The Future of the Data Broker Industry
Several forces are reshaping the industry heading into the late 2020s:
- Cookie deprecation: Browsers phasing out third-party cookies is pushing brokers toward first-party identity graphs and server-side tracking.
- AI training data demand: Brokers are licensing behavioral datasets to train large language models, opening new revenue streams and new privacy concerns.
- State-level US laws: With no federal privacy law in sight, a patchwork of state regulations is forcing brokers to build compliance infrastructure they previously avoided.
- Consumer awareness: Privacy tools are moving from niche to mainstream, with browser-level protections becoming default.
The industry will not disappear, but the days of frictionless, unregulated data trading are ending. Consumers who act now can dramatically reduce their exposure.
FAQ: Data Brokers and Personal Information
Is it legal for data brokers to sell my personal information?
In most jurisdictions, yes — provided the broker complies with applicable privacy laws. In the EU, UK, Brazil, and an increasing number of US states, brokers must offer access, deletion, and opt-out rights. In much of the rest of the world, the trade is largely unregulated.
How much is my personal data worth?
An individual's full profile typically sells for between $0.10 and a few dollars in bulk, but specialized data — like verified contact information for high-net-worth individuals or people with specific medical conditions — can fetch significantly more. The aggregate value of one person's data across their lifetime is estimated at hundreds of dollars annually.
Can data brokers sell my Social Security number or government ID?
Direct sale of full government identifiers is restricted in most countries, but partial numbers, derived identifiers, and matched profiles that effectively identify you are routinely traded.

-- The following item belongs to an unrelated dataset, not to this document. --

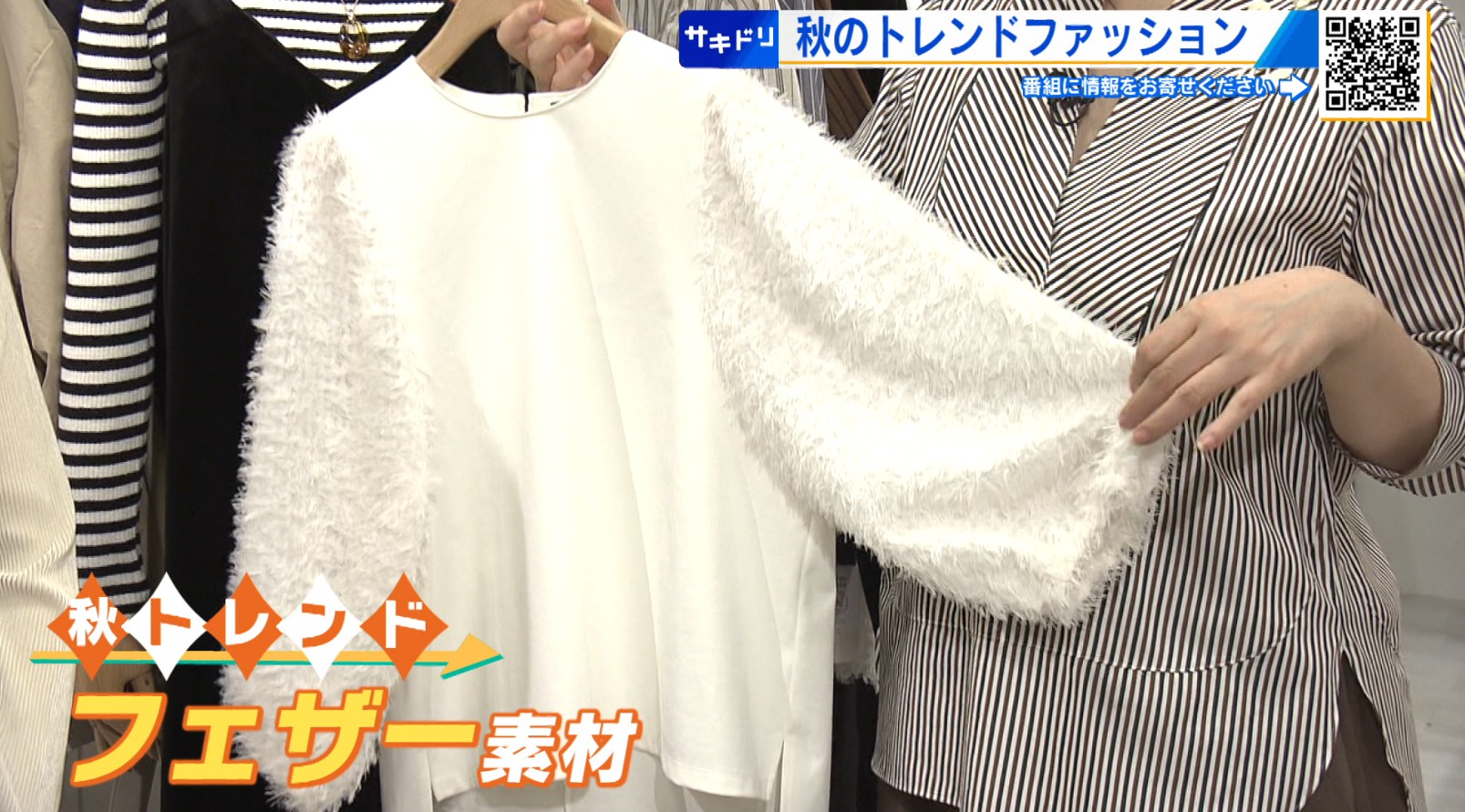 「秋ならではのフェザーです。フリンジとはまた違って、羽根のような感じ」

Risk and identity verification brokers like LexisNexis and Equifax handle the most sensitive identifiers under regulated frameworks.
Does opting out of data brokers actually work?
Yes, but it is not permanent. Brokers continuously re-collect data from public records and commercial sources, so removed profiles often reappear within 3-12 months. Continuous monitoring through a paid removal service or repeated manual opt-outs is required for lasting results.
What is the single most effective step I can take today?
Reduce the data you generate in the first place. Use email aliases for sign-ups, decline app permissions you don't need, disable mobile advertising IDs, switch to a privacy-respecting browser, and avoid loyalty programs that share data. Combined, these habits cut new data flow by 70-90% — far more effective than chasing brokers after the fact.